● PROVIDED RECORDS:
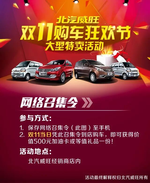 威旺店头双11疯狂让利,约你一起来狂欢!保存下图“网络召集令”,双十一到店购车即可获得500元加油卡或等价礼品一份。
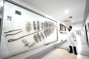 (251120) -- SHANGHAI, 20 noviembre, 2025 (Xinhua) -- Imagen del 19 de noviembre de 2025 de Ge Binjie, curador del Herbario Chenshan de Shanghai, presentando una especie de Sphaeropteris lepifera, en el Centro Nacional de Recursos de Germoplasma de Plantas Silvestres del Jardín Botánico Chenshan de Shanghai, en Shanghai, en el este de China. Recientemente, el personal confirmó que el número total de semillas viables conservadas en el Centro Nacional de Recursos de Germoplasma de Plantas Silvestres del Jardín Botánico Chenshan de Shanghai ha superado los 100 millones. (Xinhua/Zhang Jiansong) (da) (ra) (ce)
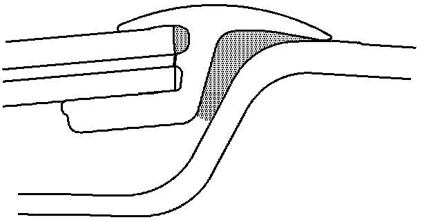 9. On both driver's and passenger's side, fill the areas shaded in the illustration above with urethane adhesive approximately 10 mm (0.4 in) deep.
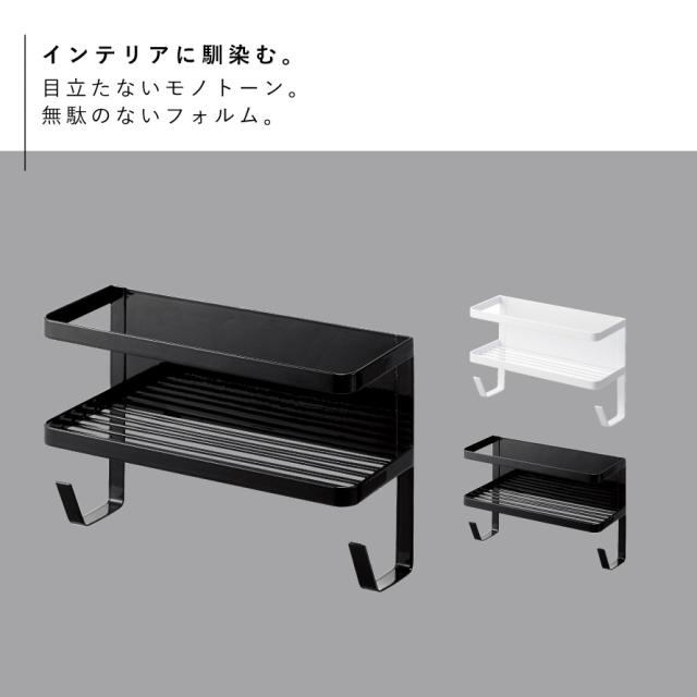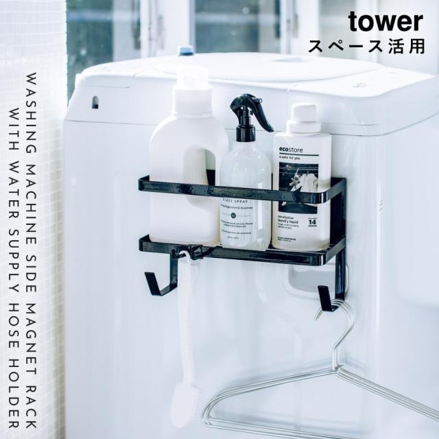 洗濯機横マグネット収納ラック マグネット tower タワー 山崎実業 洗濯機横 洗面所 浮かせる収納 ホワイト ブラック ホースホルダー付き洗濯機横マグネットラック タワー
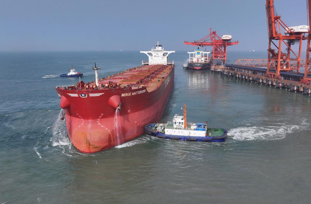 ↑4月15日,一艘轮船在拖轮协助下向唐山港曹妃甸港区矿石码头靠泊(无人机照片)。

● GOAL OF THE EXERCISE: Above are the records; repeat them all exactly, without the pictures.

● SOLUTION FOR THIS TASK:
 威旺店头双11疯狂让利,约你一起来狂欢!保存下图“网络召集令”,双十一到店购车即可获得500元加油卡或等价礼品一份。
 (251120) -- SHANGHAI, 20 noviembre, 2025 (Xinhua) -- Imagen del 19 de noviembre de 2025 de Ge Binjie, curador del Herbario Chenshan de Shanghai, presentando una especie de Sphaeropteris lepifera, en el Centro Nacional de Recursos de Germoplasma de Plantas Silvestres del Jardín Botánico Chenshan de Shanghai, en Shanghai, en el este de China. Recientemente, el personal confirmó que el número total de semillas viables conservadas en el Centro Nacional de Recursos de Germoplasma de Plantas Silvestres del Jardín Botánico Chenshan de Shanghai ha superado los 100 millones. (Xinhua/Zhang Jiansong) (da) (ra) (ce)
 9. On both driver's and passenger's side, fill the areas shaded in the illustration above with urethane adhesive approximately 10 mm (0.4 in) deep.
 洗濯機横マグネット収納ラック マグネット tower タワー 山崎実業 洗濯機横 洗面所 浮かせる収納 ホワイト ブラック ホースホルダー付き洗濯機横マグネットラック タワー
 ↑4月15日,一艘轮船在拖轮协助下向唐山港曹妃甸港区矿石码头靠泊(无人机照片)。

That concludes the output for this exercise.